--- START ---

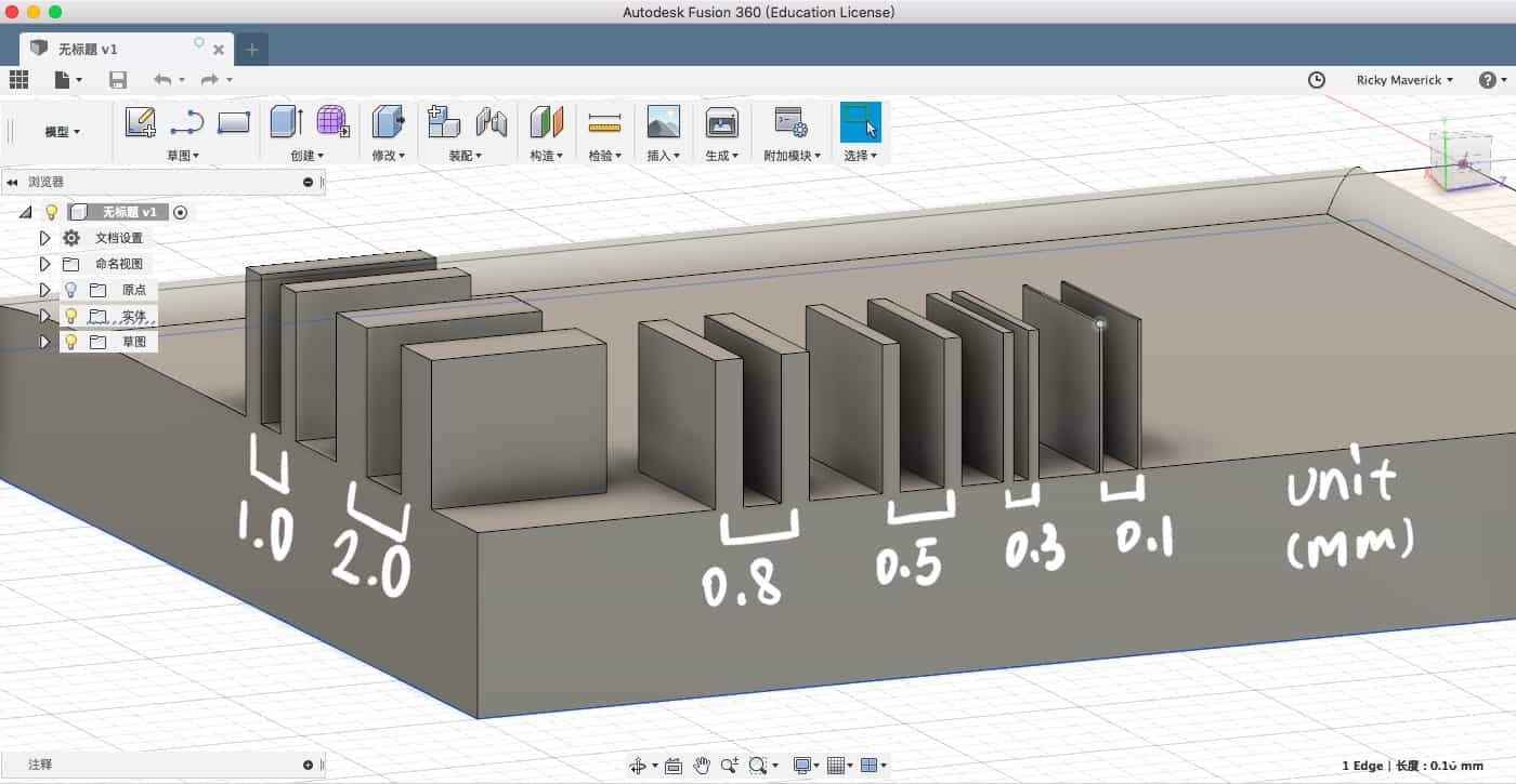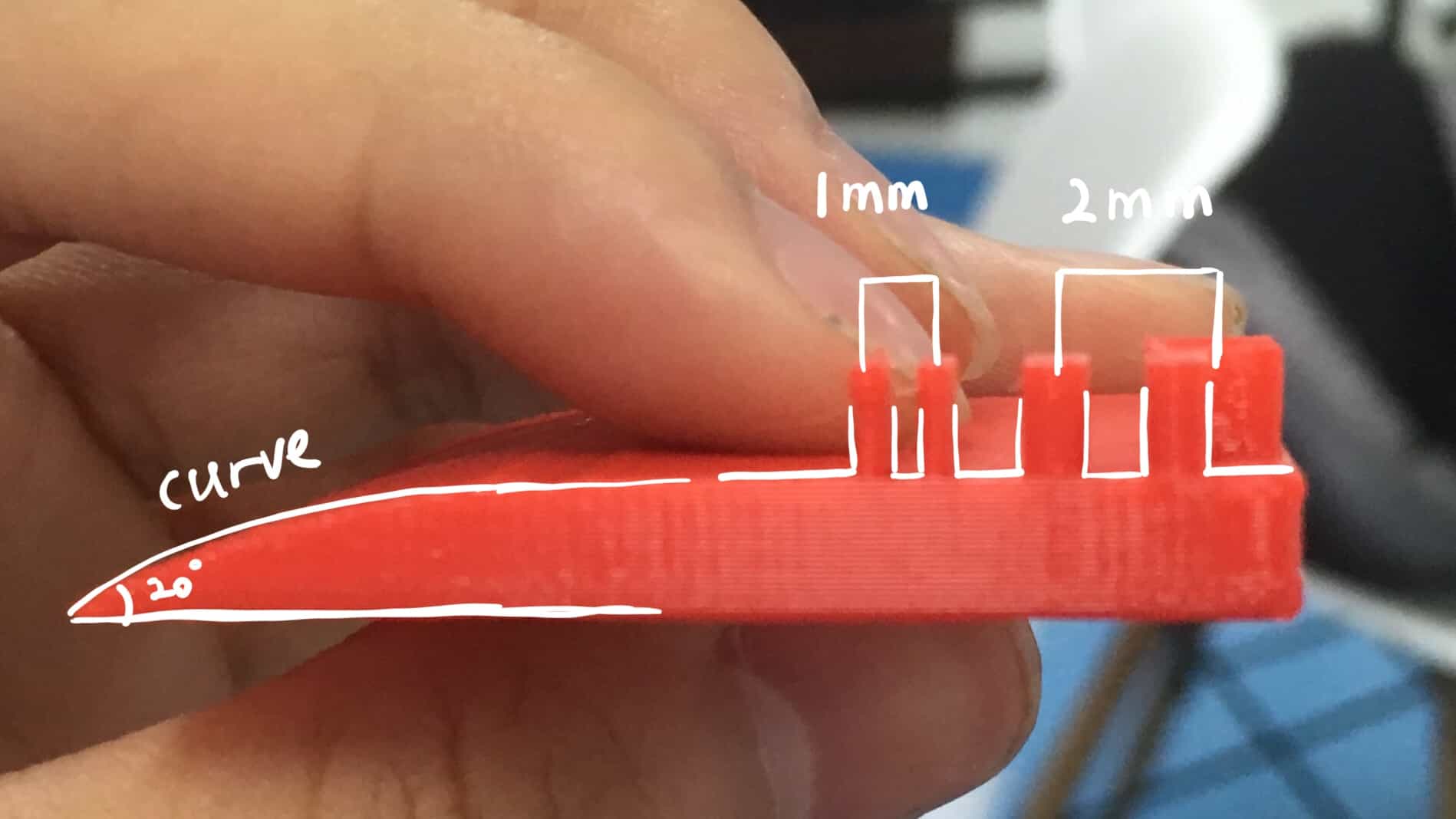 I designed the testing blocks from 2.0 mm to 0.1 mm.
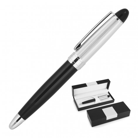 Choose the Derofe Fine Writing Instruments Sterling Rollerball Pen for your client’s personal or promotional gift. With extra smooth German rollerball, delivering black ink, an elegant black gift box, print/engrave and Schmidt ceramic refill, made in Germany – 0.07 medium nib, are included. Finished in fine black with chrome trim, this precision writing instrument can be printed or laser engraved to celebrate your logo or name on the upper barrel.
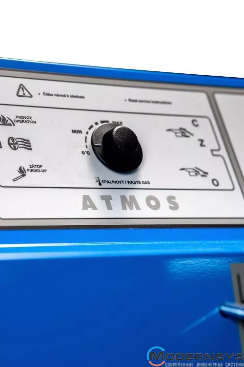 ATMOS DC 100 оборудован электронным регулятором, который автоматически управляет работой вентилятора и поддерживает оптимальный режим горения. Это повышает безопасность эксплуатации и снижает необходимость постоянного ручного контроля со стороны пользователя.
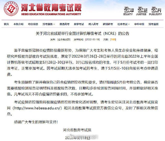 3月18日,河北省教育考试院发布关于河北省延期举行全国计算机等级考试(NCRE)的公告,鉴于河北省新冠肺炎疫情防控最新形势,为保障广大考生和考务人员生命安全和身体健康,经研究并报教育部教育考试院批准,原定于2022年3月26日-28日举行的河北省2022年上半年全国计算机等级考试延期至5月28日-30日举行。3月已报名成功的考生,可于5月份考试考前一周打印准考证,正常参加考试。因考试延期无法参加考试的考生,请于5月5日-10日向报名考点申请退费。
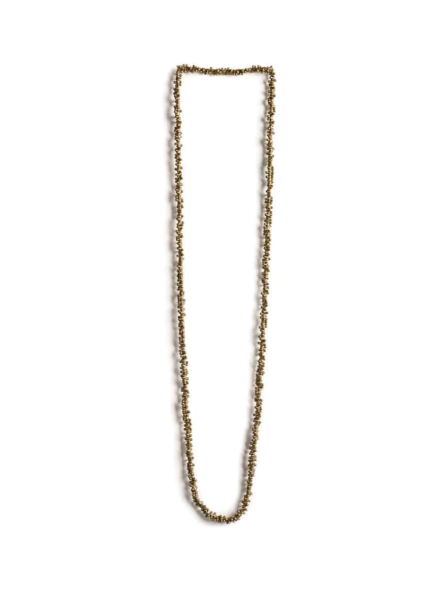 שרשרת שבטית עשויה חרוזי פליז, מושחלים בעבודת יד של מעצבת התכשיטים אילן אורבך.
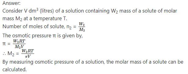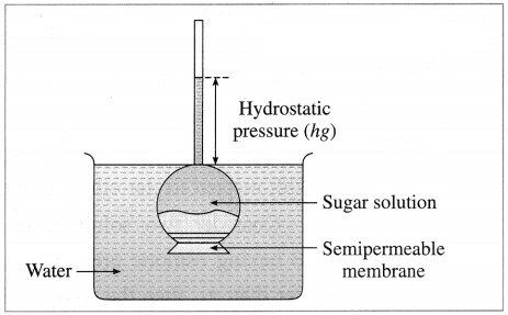 (2) Explanation : Consider an inverted thistle funnel on the mouth of which a semipermeable membrane is firmly fastened. It is filled with the experimental solution and immersed in a solvent like water. As a result, solvent molecules pass through the membrane into the solution in the funnel causing rising of level in the arm of thistle funnel. This increases the hydrostatic pressure. At a certain stage this rising level stops indicating an equilibrium between the rates of flow of solvent molecules from solvent to solution and from solution to solvent. The hydrostatic pressure at this stage represents osmotic pressure of the solution in the thistle funnel.
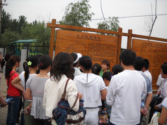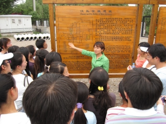 同学们首先来到汉长安城长乐宫四号、五号遗址,受到了遗址管理处李主任的热情接待,她就汉长安城遗址的整体功能、遗址分布、遗址保护以及近期发掘情况进行了详细的讲解和说明,并耐心的解答了同学们提出的相关问题。
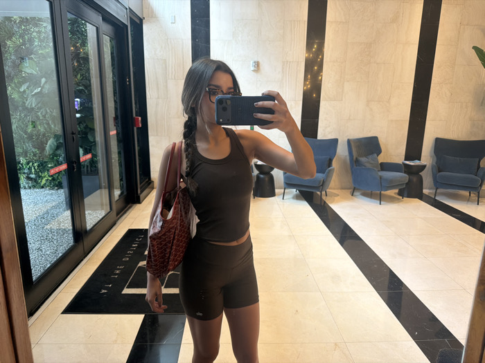 A female subject is depicted taking a mirror selfie inside a contemporary lobby or common area, identified by a floor mat displaying "AT THE DISTRICT TA," indicating a location within The District area of Miami, United States of America. The subject, whose face is largely obscured by the smartphone she holds, has long dark hair styled in a single braid and wears eyeglasses. She is dressed in a dark brown crop top and matching high-waisted biker shorts, with an "alo" logo visible on the left thigh. She carries a reddish-brown, possibly textured, shoulder bag over her right shoulder. To the subject's left are large glass double doors with dark frames, opening to an exterior or courtyard area featuring a dense green wall of foliage. A red "PUSH" sign is visible on the left door's frame. The interior features light-colored, possibly marble or travertine, paneled walls with contrasting vertical dark stone accents. The polished floor consists of light-colored tiles with wide dark stripes. To the subject's right, a waiting area is furnished with three identical light blue upholstered armchairs with dark legs, separated by two small, dark cylindrical side tables.
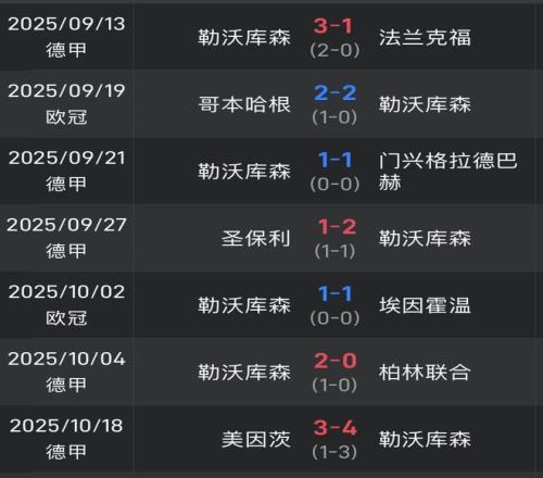 在滕哈赫下课后,勒沃库森在新帅尤尔曼德的带领下,目前已经各项赛事7场不败,期间取得4胜3平,且场均进球超过2粒,进攻端重新找回火力。
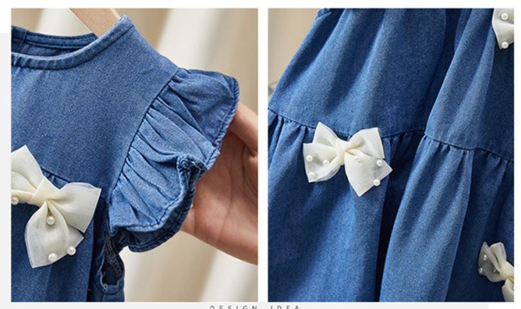 فستان جينز للبنات صيفي لطيف على البشرة بأكمام طائرة

--- END ---

• _EXERCISE DIRECTIONS_: The answer is the lines above from the one with "ATMOS DC 100" to the one with "同学们首先来到汉长安城长乐宫", set down exactly, with no pictures.

• _SOLUTION TO THIS EXERCISE_:
 ATMOS DC 100 оборудован электронным регулятором, который автоматически управляет работой вентилятора и поддерживает оптимальный режим горения. Это повышает безопасность эксплуатации и снижает необходимость постоянного ручного контроля со стороны пользователя.
 3月18日,河北省教育考试院发布关于河北省延期举行全国计算机等级考试(NCRE)的公告,鉴于河北省新冠肺炎疫情防控最新形势,为保障广大考生和考务人员生命安全和身体健康,经研究并报教育部教育考试院批准,原定于2022年3月26日-28日举行的河北省2022年上半年全国计算机等级考试延期至5月28日-30日举行。3月已报名成功的考生,可于5月份考试考前一周打印准考证,正常参加考试。因考试延期无法参加考试的考生,请于5月5日-10日向报名考点申请退费。
 שרשרת שבטית עשויה חרוזי פליז, מושחלים בעבודת יד של מעצבת התכשיטים אילן אורבך.
 (2) Explanation : Consider an inverted thistle funnel on the mouth of which a semipermeable membrane is firmly fastened. It is filled with the experimental solution and immersed in a solvent like water. As a result, solvent molecules pass through the membrane into the solution in the funnel causing rising of level in the arm of thistle funnel. This increases the hydrostatic pressure. At a certain stage this rising level stops indicating an equilibrium between the rates of flow of solvent molecules from solvent to solution and from solution to solvent. The hydrostatic pressure at this stage represents osmotic pressure of the solution in the thistle funnel.
 同学们首先来到汉长安城长乐宫四号、五号遗址,受到了遗址管理处李主任的热情接待,她就汉长安城遗址的整体功能、遗址分布、遗址保护以及近期发掘情况进行了详细的讲解和说明,并耐心的解答了同学们提出的相关问题。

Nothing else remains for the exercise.